A problem with cDNA production is that not all mRNA's are reverse-transcribed with the same efficiency. This fact leads to reverse transcription bias, which can change the relative amounts of different cDNA's measured by the microarray assay. Reverse transcription bias is not a problem when comparing the same mRNA across two cell populations unless it causes the mRNA not to be transcribed at all. However, the bias does prohibit quantitative comparison between different mRNA's on one array. Another problem caused by bias is that some mRNA's may be reverse-transcribed for only part of their lengths, making them less likely to bind and stay bound to their complements on the array. One way of getting around this problem is to prime reverse transcription from random starting positions on the mRNA's, rather than always starting from their tails. This method can reduce bias, but it also makes useless cDNA from any remaining ribosomal and transfer RNA's in the sample.
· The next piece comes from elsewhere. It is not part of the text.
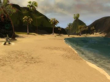 General Description: An amazing look is created by water, sand and grass in this monster-infested area. Players entering from the Sanctum Cay entrance will be able to see a huge, floating fort on their right.

3. Fluorescent labeling of cDNA's

In order to detect cDNA's bound to the microarray, we must label them with a reporter molecule that identifies their presence. The reporters currently used in comparative hybridization to microarrays are fluorescent dyes (fluors), represented by the red and green circles attached to the cDNA's in the diagram [2]. A differently-colored fluor is used for each sample so that we can tell the two samples apart on the array. The labeled cDNA samples are called probes because they are used to probe the collection of spots on the array.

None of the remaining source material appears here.